Making the announcement in St. Anne’s Cathedral, Belfast, Clarke said: “I would like first to express my sincere gratitude for the huge trust that my fellow-bishops have placed in me by appointing me to the Archbishopric of Armagh. I truly feel neither worthy of the heritage into which I am to enter nor adequate for the tasks that lie ahead. The God of Christian belief is, however, a God of grace rather than a god who looks for human self-sufficiency. All I can pledge is that I will give this task the very best of which I am capable, and the prayer of all of us must be that God in his grace will enable some good to come from this.”

He continued, “I know that my friends of Meath and Kildare will not need convincing that I will be deeply saddened to leave them after sixteen years of happiness and fulfillment among them, but I know also that I will remain in their prayers and retain their love and friendship. I thank them for all the generosity, kindness and support that they have given to me and to my family over those years.

“I look forward to fresh challenges and joys, along with new friendships and discoveries, in the phase of ministry in the Gospel that now lies ahead, both in the Diocese of Armagh and within the wider fellowship of the Church of Ireland and beyond. Please pray for the Church of Ireland and for me in these weeks ahead as I prepare to take up this new responsibility.”

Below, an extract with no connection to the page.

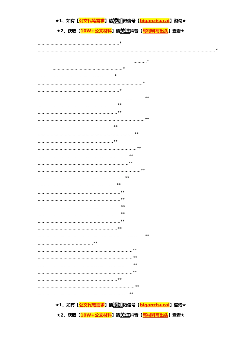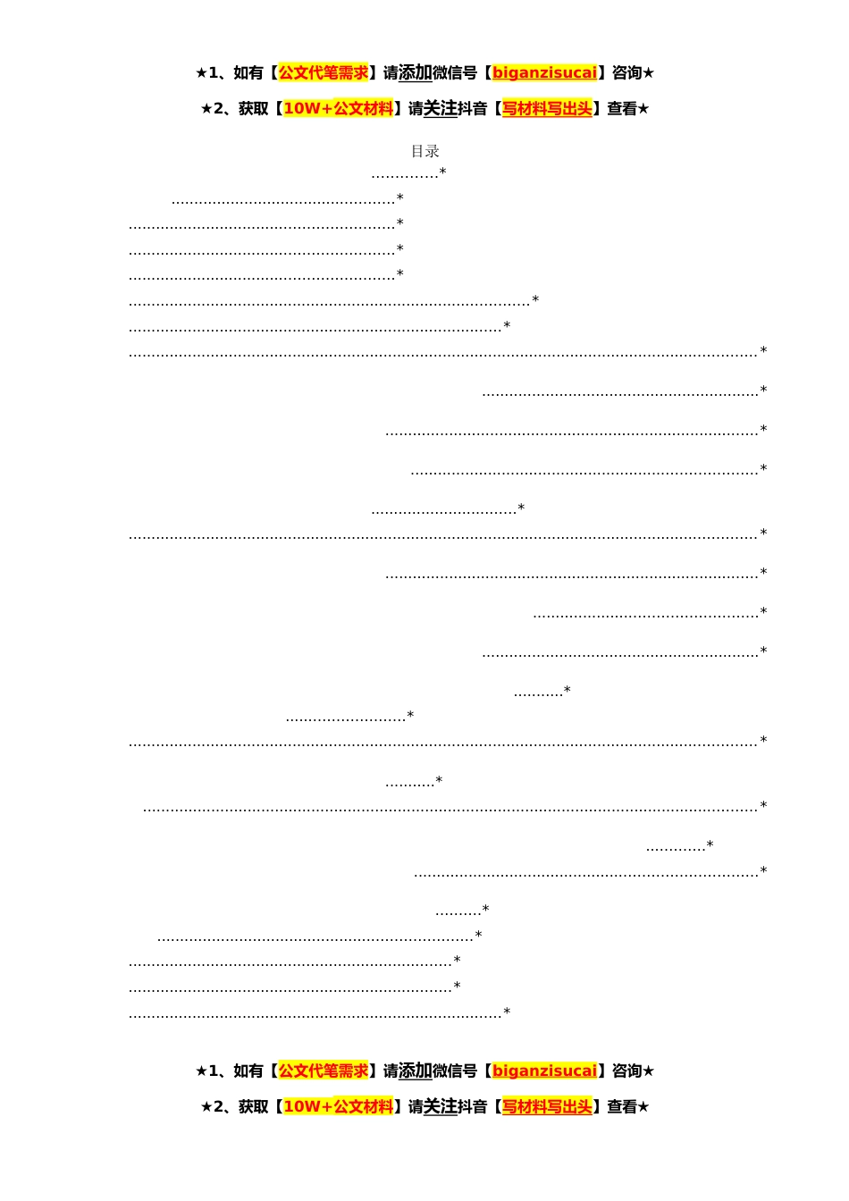 ★1、如有【公文代笔需求】请添加微信号【biganzisucai】咨询★★2、获取【10W+公文材料】请关注抖音【写材料写出头】查看★目录..............*.................................................*..........................................................*..........................................................*..........................................................*........................................................................................*..................................................................................*....................................................................................................................................

The House of Bishops also decided that his election would take effect from Dec. 15, 2012 which will be the date of the bishop’s translation and enthronement in St. Patrick’s Cathedral, Armagh. In the meantime, the Venerable Raymond Hoey, archdeacon of Armagh, will carry the diocesan responsibilities for the Diocese of Armagh. The provincial responsibilities are carried by the archbishop of Dublin, the Most Rev. Michael Jackson, until this date.

A former dean of residence in Trinity College Dublin, rector of Bandon in west Cork, and dean of St. Finbarre’s Cathedral Cork, Clarke has been bishop of Meath and Kildare since 1996. He lists his interests and hobbies as “reading, music (classical and early jazz), travel, attempting to keep fit, and sport – albeit now entirely as a spectator.”

Born in Dublin in 1949, Clarke studied history and theology in Dublin and London Universities respectively, and holds a doctorate from the former. Although he retains research interests principally in the field of history, and has contributed to a number of journals in this area, he has in recent years become fascinated also by philosophical theology and the relationship between literature and theology, and his book in this field of interest, And Is It True?, was published by Dominican Publications in 2000. Since then he has written on aspects of social theology in relation to Ireland, including a number of articles and a further book, A Whisper of God, published by Columba Press in 2006. At present he is the president of the Irish Council of Churches and co-chair (with Roman Catholic Cardinal Séan Brady) of the Irish Inter-Church Meeting.

The archbishop-designate is 63 years old; his wife, Linda, died in 2009. He has two adult children and one grandson. Upon taking up his responsibilities as archbishop of Armagh, Clarke will be the 105th in the succession of abbots, bishops and archbishops of Armagh since St. Patrick.